しかし、もしペルカに敗北したら、この生活はなくなるかもしれない。その考えが常に頭をよぎる。
育児師を剥奪されたら、2人を育てる権利がなくなってしまう。それだけは絶対に避けなきゃならない。
「アリア、光の玉を作ってみようか」
「うん!」
アリアが、手のひらに光の玉を作る。
俺は、毎日スキルを使い続けた。
子供たちの成長のために。
対決のために。
「いいぞ、リュク!もう10回増えたな!」
「本当だ!」
「アリア、3つ目も安定してきたぞ!」
「やったー!」
少しずつだが、確実に成長している。
でも、やはり限界がある。
外での訓練に比べると、どうしても制約が多い。
一見楽しそうに見えるが、室内だけだと子供たちのストレスが蓄積していってる。
精神的にあまりよくない状況だ。
小雨なら出歩いてもいいんだが、豪雨の中はさすがに気が引ける…。
◇
夜、2人を寝かしつけた後、俺は一人で考えていた。
「対決まで、あと3日。仮に明日雨が止んだところで、ぬかるんだ公園で遊ばせるのは危険だよな…」
せめて、広くて安全な訓練場があれば。
その時、視界にメッセージが表示された。
-----
【スキルレベルアップ!】
【育児眼Lv.2 → Lv.3】
【父の温もり(コンフォート・オーラ)Lv.2 → Lv.3】
【愛情促進Lv.2 → Lv.3】
全てのスキルがレベルアップしました!
-----
「…スキルが、レベルアップした」
毎日使い続けた結果か。
突然だったが、確かに実感はあった。
あれだけ使ったのだから。
-----
【新機能解放!】
機能名:**空間作成**
効果:
- 訓練・遊び用の安全な空間を作成できる
- 訓練道具の生成・設置
- 遊具の配置
- 天候の影響を受けない
- 使用後は消去可能
使い方:「空間作成」と念じる
-----
「…こ、これは?」
俺は、メッセージを読み返した。
「訓練用の空間を作れる…」
これは、まさに今必要なものだ。
「試してみるか」
自室の中で立ち上がった。
窓の外では、雨が激しく降り続けている。
「空間作成」
心の中で念じた。
その瞬間、部屋の空気が歪んだ。
ボワン…
光が広がり、部屋の中に空間が出現した。
「…すごい、なんだこれ」
部屋の中に、さらに別の空間が広がっている。
透明なドーム状の空間。
広さは約20m四方くらいだろうか。
部屋の壁を突き抜けて、外にまで広がっているように見える。
でも、部屋の家具はそのまま。
空間は、物理的な障害を無視しているようだ。
俺は、恐る恐る空間の中に入った。
「…っ」
世界が、変わった。
もう、部屋じゃない。
そこには広々とした訓練場が広がっていた。
地面は柔らかいマット。
そして、訓練器具が並んでいる。
木製の訓練用剣、的、障害物コース。
隅には、遊具まである。
滑り台、ブランコ、鉄棒。
まさに俺が思い描いていた、理想の場所だった。
「ここなら…!」
俺は、確信した。
雨だろうが雪だろうが嵐だろうが関係ない。
リュクとアリアに、思いっきり体を動かさせてあげられる。
空間の端まで歩いてみる。
透明な壁に触れると、ふわりと跳ね返された。
痛くはない。
「安全だな」
そして、空間から出てみる。
一歩踏み出すと、再び自分の部屋。
「出入りも自由か。
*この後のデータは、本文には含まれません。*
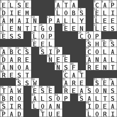 ACROSS 1. Otherwise 5. _ moment's notice (2 wds.) 8. Head covering 11. South Vietnam president (1954) 12. Tennis shots 14. Biblical high priest 15. At full speed 17. Friendly 18. Area sheltered from the wind 19. Small, flat, pigmented spot on the skin 21. Car or cant ending 22. French article 23. Curvy letter 24. Trim (branches) 25. Police officer (slang) 27. Snakelike fish 28. "______ My Girl" (Turtles hit) 31. Lettered men learn these first 35. Small drink 37. Root beer relative 38. Have the gumption 39. Born 41. Of or related to the anus 42. Small Philippine buffalo 43. Overdraft (abbr.) 45. Monthly bill 46. Respite 47. Feline 49. Compass dir. 51. "We ___ not amused" (Victoria) 52. Ocean 55. The 23rd letter of the Hebrew alphabet 57. Compass dir. 60. Thinks logically 62. Sis' sibling 63. Columnist Joseph or Stewart 65. Table seasonings 66. Title for a knight 67. Grant temporary use of 68. The main thing one is thinking about 69. Groovy apt. 70. Third day of the wk. 71. Australian parrot (variant) DOWN 1. Peak District village in England 2. Citrus fruits 3. Seines 4. Send forth 5. Chicken ___ king 6. Lacquered or enameled metalware 7. Competent 8. Portable communications device 9. Toward shelter 10. Sliced desserts 13. Synchronize (abbr.) 16. "Death on the ____" 17. Cotton for raincoats, e.g. 20. Moves 26. Witty Wilde 29. Style 30. Table seasoning 31. The sixth month of the Jewish calendar 32. Object of repulsion 33. What you're doing now 34. Theater features 36. Animal enclosure 40. Fortification 44. Conductor's collection 48. Afternoon social gatherings 50. Welt 52. Twentieth part of a lira 53. Keyboard key 54. Slender Brazilian palm 55. Cook's measure (abbr.) 56. Operatic vocal solo 58. Groove 59. He sold his birthright 61. Move on water 64. Single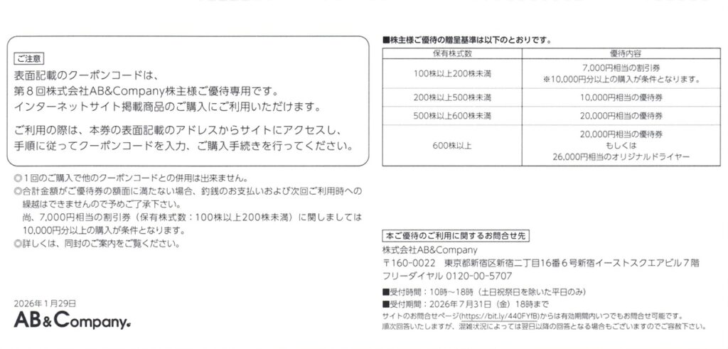 AB&COMPANY(9251)から株主優待が到着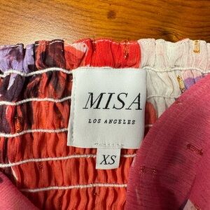 This stunning maxi skirt from Misa Los Angeles features a vibrant red and purple floral design, perfect for cocktail or resort wear. Ideal for making a bold statement at any event.
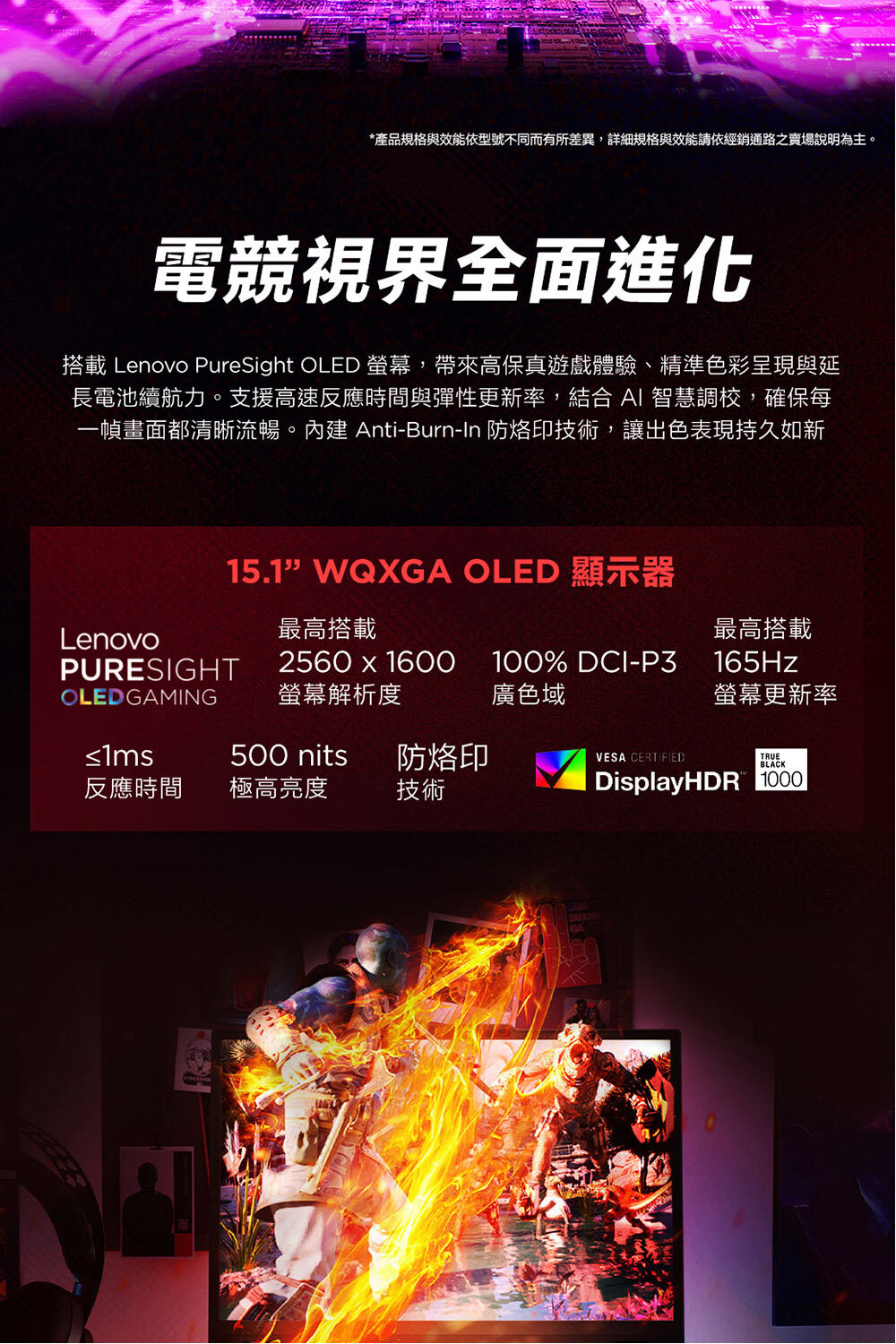 ●螢幕尺寸:15.1" WQXGA (2560x1600) OLED 500nits Glossy, 100% DCI-P3, Dolby Vision®, DisplayHDR™ True Black 600, 165Hz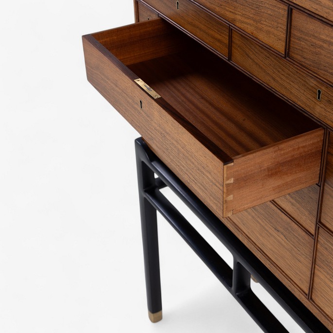 Sjældent skab i palisander med skuffer og sortlakeret stel med messingsko.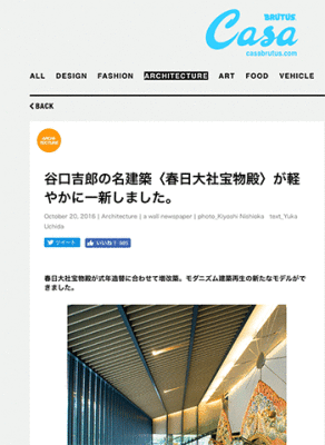 まちづくり式年造替に合わせて増改築された春日大社宝物殿について取り上げている記事が、カーサ ブルータスに掲載されています。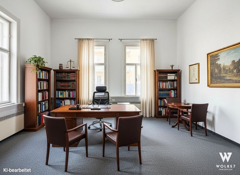 Die Bürofläche umfasst 6 Arbeitszimmer und bietet damit flexible Nutzungsmöglichkeiten für unterschiedlichste Branchen – ob Kanzlei, Agentur, Consulting-Unternehmen oder Praxis.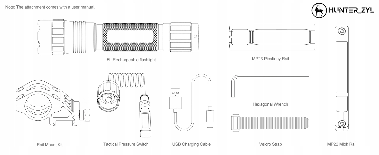 - ви гарантуєте: ліхтар для зброї FL31*1, перемикач зсуву*1, реле тиску*1, амортизатор тиску (Picatinny)*1, амортизатор тиску (Mlok)*1, зарядний кабель типу C*1, зовнішній амортизаторний ключ* 1, посібник користувача.< /li>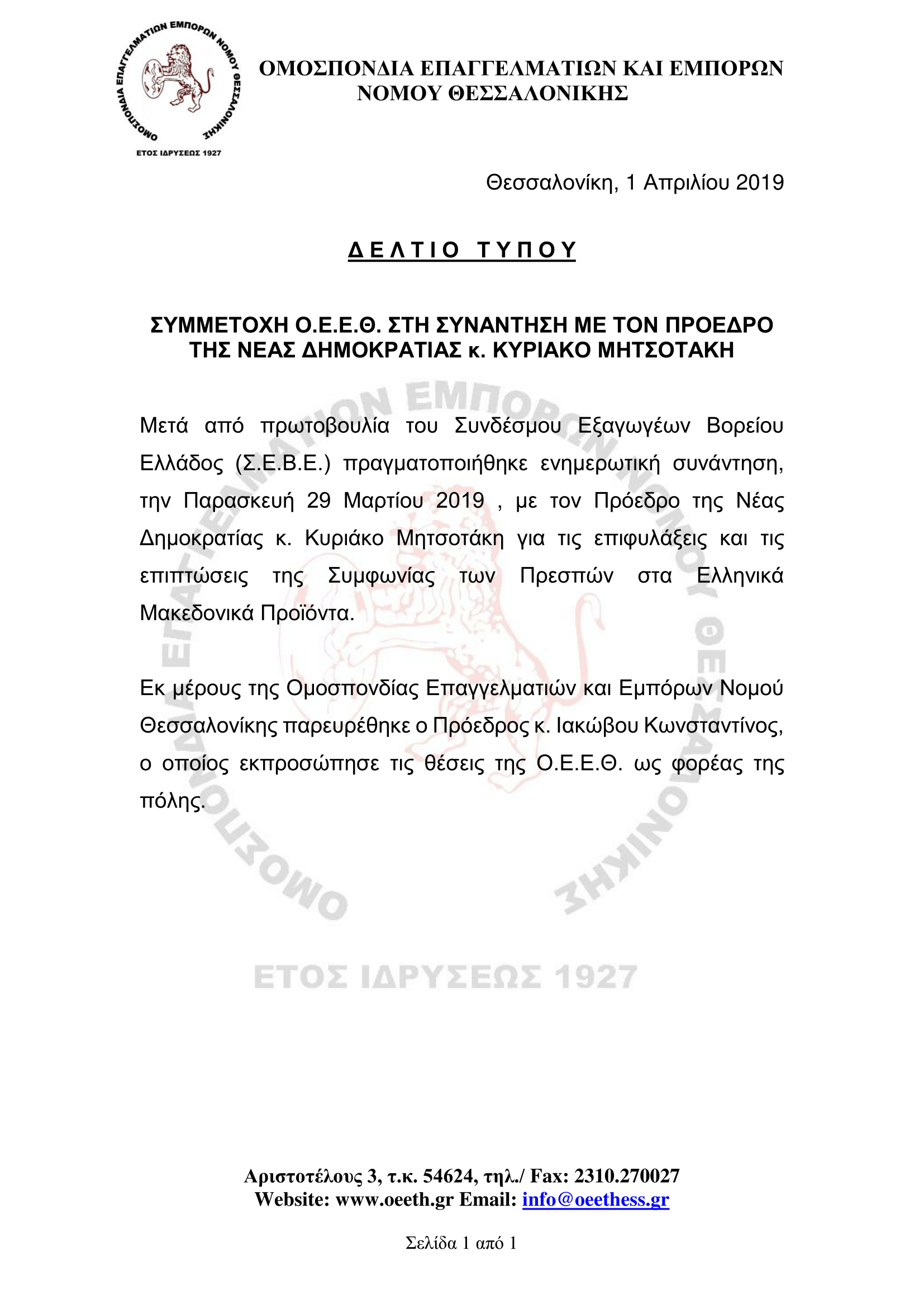 ΔΕΛΤΙΟ ΤΥΠΟΥ ΟΕΕΘ – ΣΥΝΑΝΤΗΣΗ ΜΕ ΤΟΝ ΠΡΟΕΔΡΟ ΤΗΣ ΝΕΑΣ ΔΗΜΟΚΡΑΤΙΑΣ κ. ΚΥΡΙΑΚΟ ΜΗΤΣΟΤΑΚΗ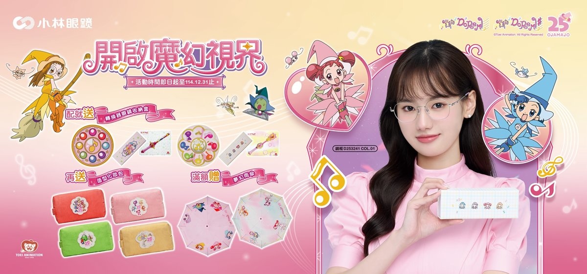除了首次帶來小魔女 Doremi 授權眼鏡,並提供最專業的技術與門市配鏡服務,更同步推出超多可愛贈禮!8 月 1 日起至 12 月 31 日活動期間,「魔女見習」系列眼鏡特價只要 NT$1,980 元起,「「魔女閃耀」系列眼鏡特價只要 NT$2,980 元起,輕輕鬆鬆為生活注入魔法。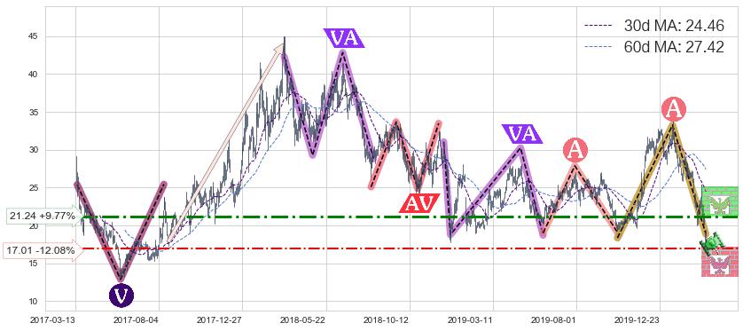 ♘ 支撑价格位17.01,可信任强度54.19%,距离最后交易2020-03-13形成的收盘价格19.35相差 -12.08%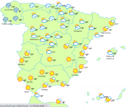 Temperaturerne falder på halvøen og De Baleariske Øer. Svag frost i de indre egne i nord, det nordlige Navarra, Aragon og Catalonien og i bjergområder - koldest i Pyrenæerne. Ingen ændringer på De Kanariske Øer.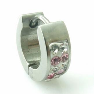 STAINLESS STEEL HUGGIE EARRINGS IN RING SHAPE WITH CZ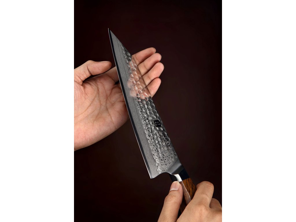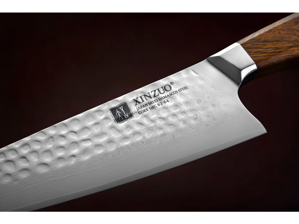 Dieses Kochmesser ist aus hochwertigem japanischem Damaszenerstahl gefertigt, der für die Herstellung der besten Messer verwendet wird. Der verwendete japanische Hitachistahl SRS13 wurde für die Herstellung dieser Messer aus Japan direkt in die chinesische Messerstadt geliefert. Deren Messerklinge mit einer Härte von 62-64 Rockwell besteht aus 49 Lagen. Der Messerkern besteht aus japanischem Stahl Hitachi SRS13.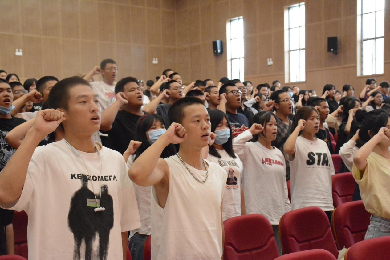 新生代表发言完毕,学院党委副书记杜修望带领全体新生进行了入学宣誓。全体新生以青春之名,庄重宣誓,为即将开启的美好的大学生活许下誓言。

明日、2人を連れてこよう」
俺は一旦、空間を消去することにした。
「空間消去」
ボワン…
光が消え、ドームが消失する。
また普通の部屋に戻った。
「完璧だ」
対決までの最終調整もできそうだ。
◇
翌朝。
「リュク、アリア、ちょっと来てくれるか?」
「なあに、ぱぱ?」
「2人に見せたいものがあるんだ」
俺は、2人を庭に連れて行った。
雨は、まだ降り続けている。
「うわ、あめ…。さんぽするの?」
「イクメン、さすがにこの中出歩いたら…風邪ひいちゃうよ」
「まぁ大丈夫、見ててくれ」
俺は昨晩やったとおりに、その場に空間を作成する。
「空間作成」
ボワン…
光が広がり、訓練場が出現する。
「わあああ!すごい!」
アリアが、目を輝かせた。
「ぱぱ、これなあに!?まほう?」
「まあ…そんなかんじだよ」
「すごいすごい!あめがはいってこない!」
アリアが、中に飛び込んだ。
「わーい!」
遊具に飛びついて、嬉しそうに遊び始める。
「…イクメン」
リュクが、俺を見つめている。
「これ…どうやって?」
「ん?」
「こんなこと、普通の人にはできない…よね?俺バカだけどそのくらい分かるよ」
リュクの目が真剣だ。
「イクメンって、もしかして…」
「…リュク?」
「…いや、何でもないよ」
リュクは、俺から視線を外した。
でも、その表情には疑問が浮かんでいる。
何かに気づき始めている?
俺が、普通の育児師じゃないことに。
「リュク、とりあえず入ってみよう!」
「…うん」
リュクが、空間の中に入る。
「すごい…本当に雨が入ってこない」
「ああ。ここなら天気関係なく、思いっきり訓練できる」
「うん!」
リュクが、木剣を手に取った。
「じゃあ、素振りから始めるか?」
「おう!」
リュクが、剣を振り始める。
1週間ぶりの、思いっきりとした訓練。
リュクの動きが、生き生きとしている。
「いいぞ、リュク!」
「はあ、はあ…!見ててよイクメン!」
「ああ。見てるぞ」
リュクが何度も剣を振る。
汗が流れる。
キツイはずなのに、その顔は笑っていた。
「ぱぱ、見て!」
アリアが、滑り台を滑る。
「すごいぞ、アリア!」
「えへへ!」
2人とも、イキイキしてて楽しそうだ。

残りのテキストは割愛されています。